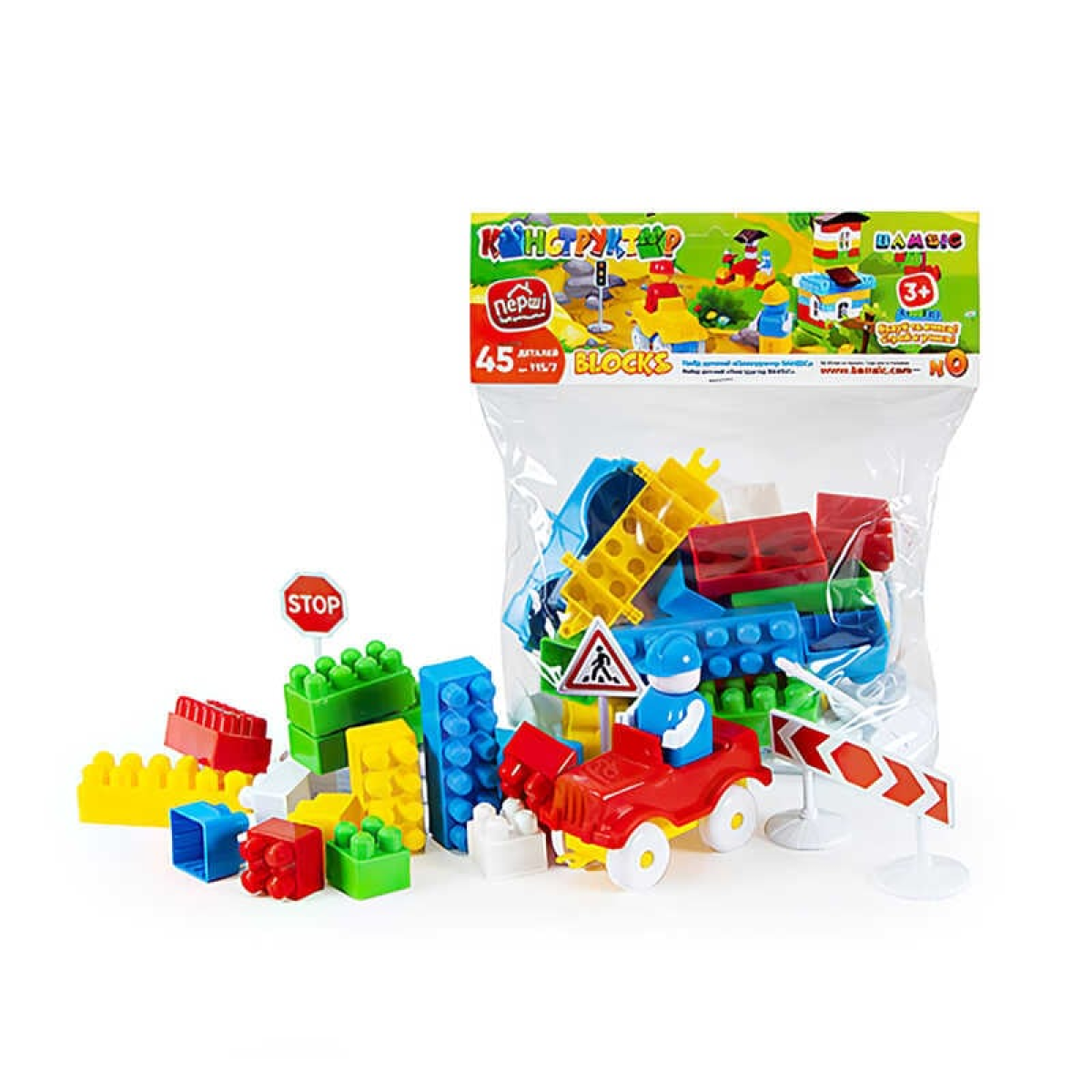 гр Конструктор “BAMSIBLOCK №0“ 115/7 (25) “BAMSIC“, 45 деталей, машинка, дорожні знаки, в пакеті
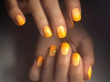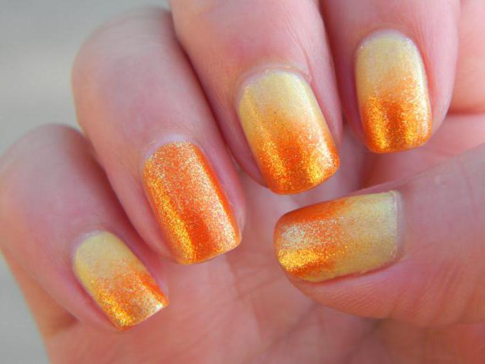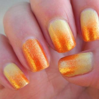 In the case of a yellow-orange manicure, an ombre technique, that is, a gradient, will be particularly well applied. This is the second name for this type of drawing on the nails. But if you delve into the details, then the ombra differs from the gradient in that in this case it is not a transition to a different color that is carried out, but a smooth lightening (or darkening) of the tones.
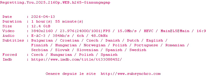 Y avez-vous pense ? Nous proposons déjà 1660 sous-titres pour le film Regretting You. Avez-vous essaye de voir si ces sous-titres etaient compatibles avec cette release ? On vous laisse le soin de tester cela pour nous et de contribuer au site en postant le sous-titre en cas de compatiblite constatee !
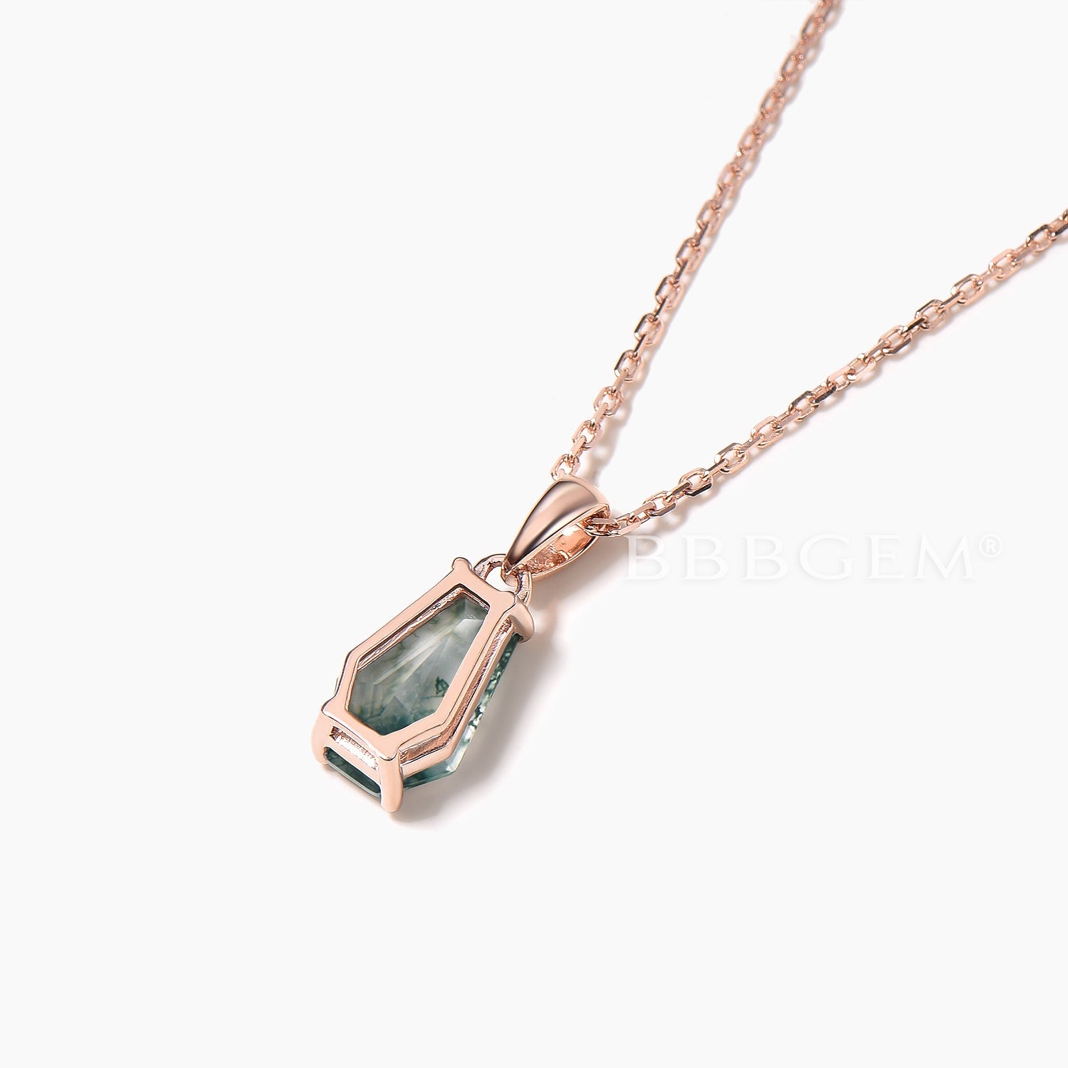1CT Coffin Cut Natural Moss Agate Necklace Rose Gold Solitaire Pendant

TASK PROMPT — With the pictures removed, return the data above word for word.

RESPONSE —
 гр Конструктор “BAMSIBLOCK №0“ 115/7 (25) “BAMSIC“, 45 деталей, машинка, дорожні знаки, в пакеті
 In the case of a yellow-orange manicure, an ombre technique, that is, a gradient, will be particularly well applied. This is the second name for this type of drawing on the nails. But if you delve into the details, then the ombra differs from the gradient in that in this case it is not a transition to a different color that is carried out, but a smooth lightening (or darkening) of the tones.
 Y avez-vous pense ? Nous proposons déjà 1660 sous-titres pour le film Regretting You. Avez-vous essaye de voir si ces sous-titres etaient compatibles avec cette release ? On vous laisse le soin de tester cela pour nous et de contribuer au site en postant le sous-titre en cas de compatiblite constatee !
1CT Coffin Cut Natural Moss Agate Necklace Rose Gold Solitaire Pendant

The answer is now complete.